Variations By and Translated To: Frida Li, Chinese; Yasmin Than, French; Annetta Kapon, Greek; Marcela Gottardo, Italian; Soo Yun Jun, Korean; Børge Indergaard, Norwegian; Edyta Czajkowska, Polish; Sweet Samson, Russian; Delia Perez-Salinas, Spanish  


The installation developed through researching communication technology and the history of the WWII Heavy Water War in Vemork, in Telemark, Norway. The space was constructed by photographs, salt, scent, and photography lighting gels to evoke a liminoid hue at twilight. The metaphorical environment created a temporary space where Axioms do not hold up in physical space or material matter.
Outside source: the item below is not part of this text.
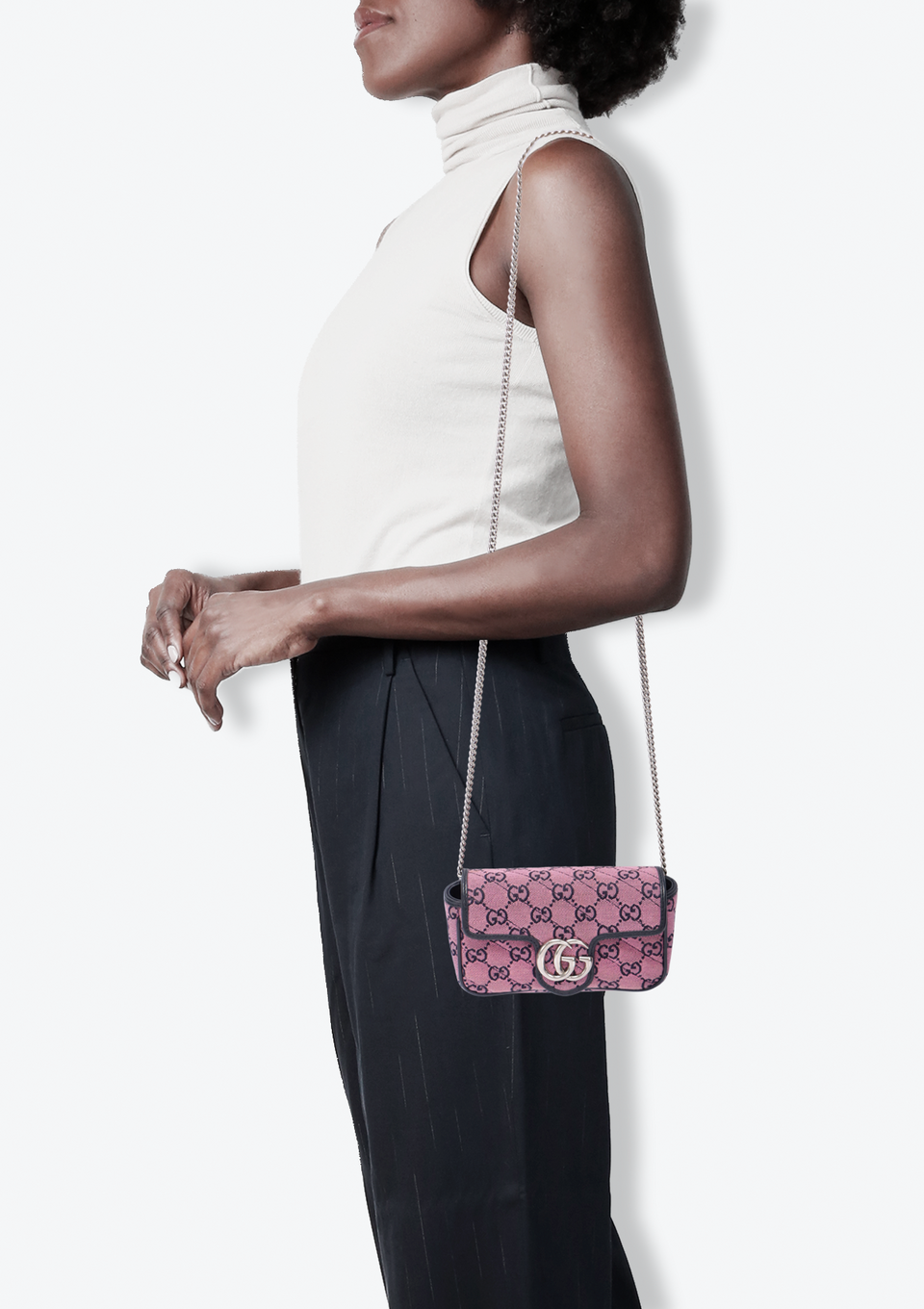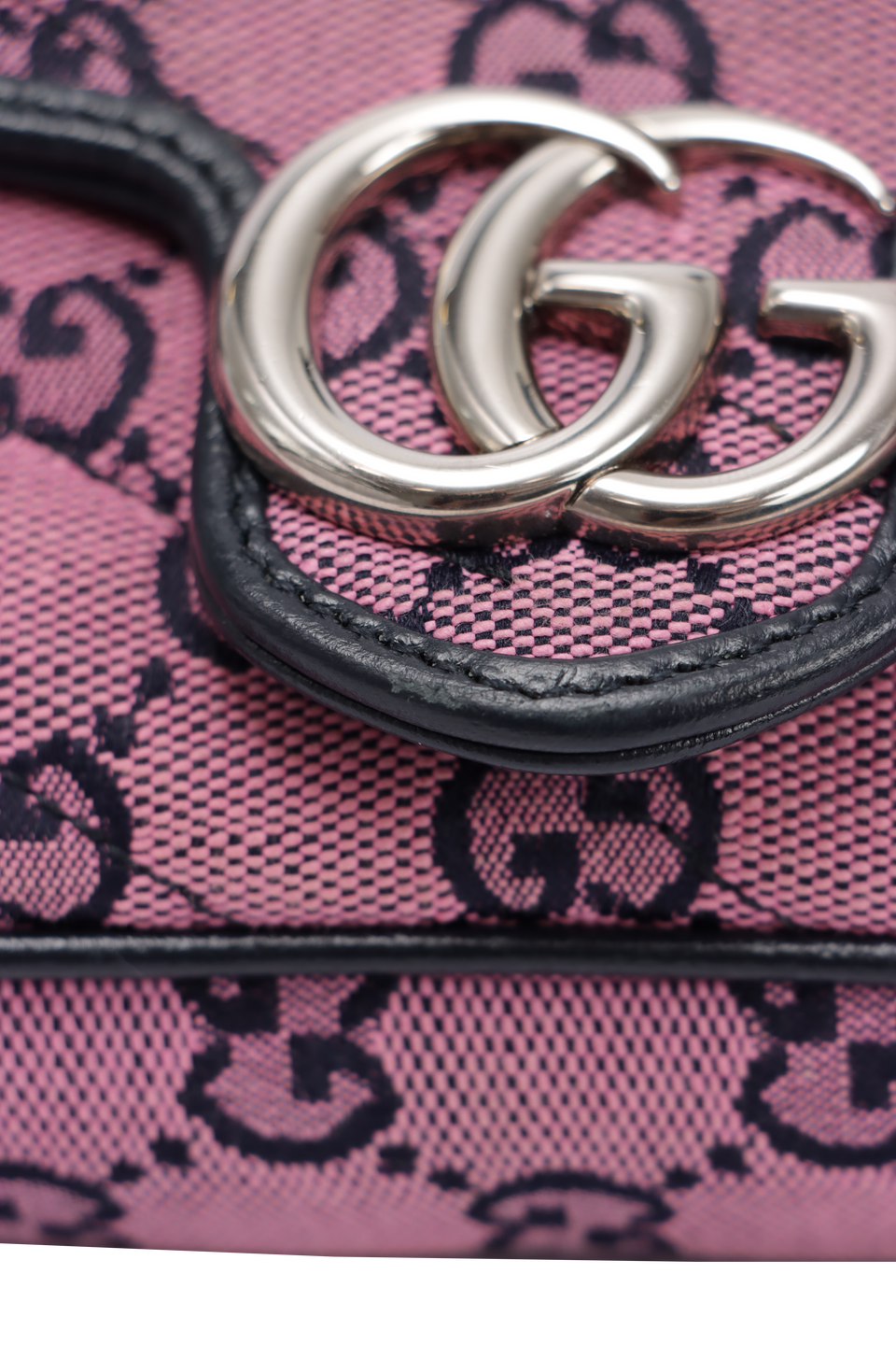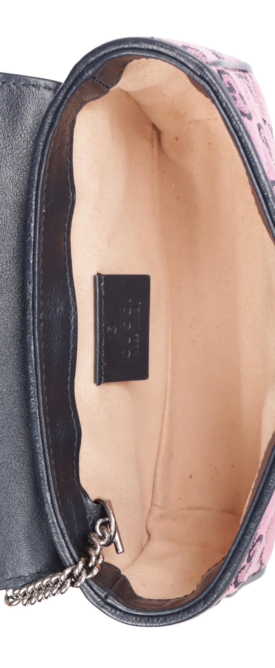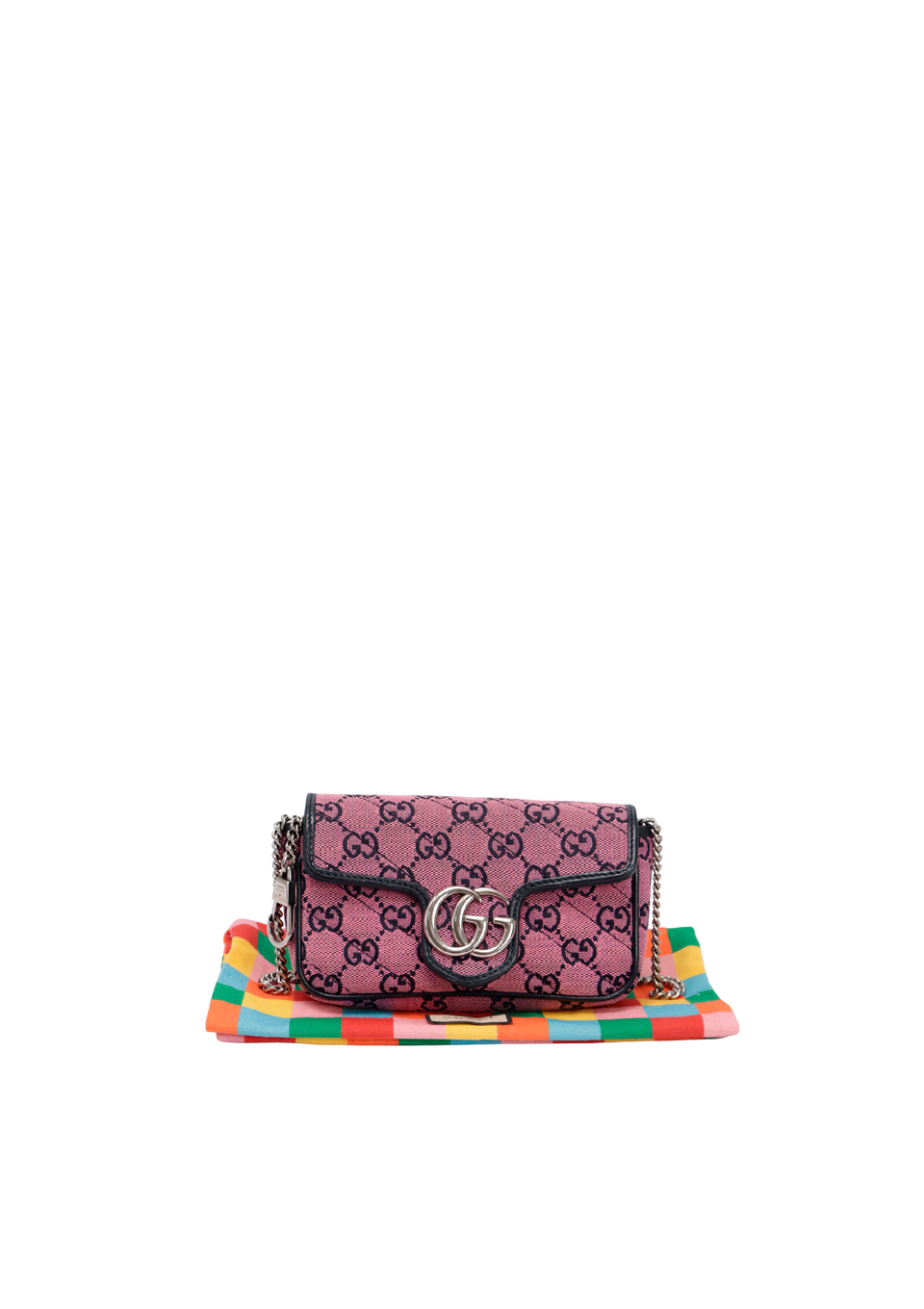 Descrição do Material: Canvas GG rosa com detalhes em couro calfskin azul

The artwork extends to include the viewer’s subjective truths where congruences exist within the material.  

The story of the Heavy Water War was revealed as I intuitively worked through the historic layers of the a worldwide trauma, seeking to find the origin of terrible actions and the ancillary events which returned people to peaceful living. By the means of following research on the properties of materials and their relationship to the physiological human experience, I was led to Vemork Heavy Water Station in Norway. I wondered if art making can serve as a site of research to 1. uncover lost details which alter the understanding of histories 2. process latent epigenetic memories  3. provide a space for deeper learning and reflection.  

While time travel and political conversations still have yet to bear fruit in daily life, I wonder if moving learning into exhibition spaces, permits (Currere) a form of knowledge creation, enabling people to fully understand not with the mind alone but through an approximated experience. Experiences that create foundational layers to inspire courage to do things  the people in Rjukan did for the course of history.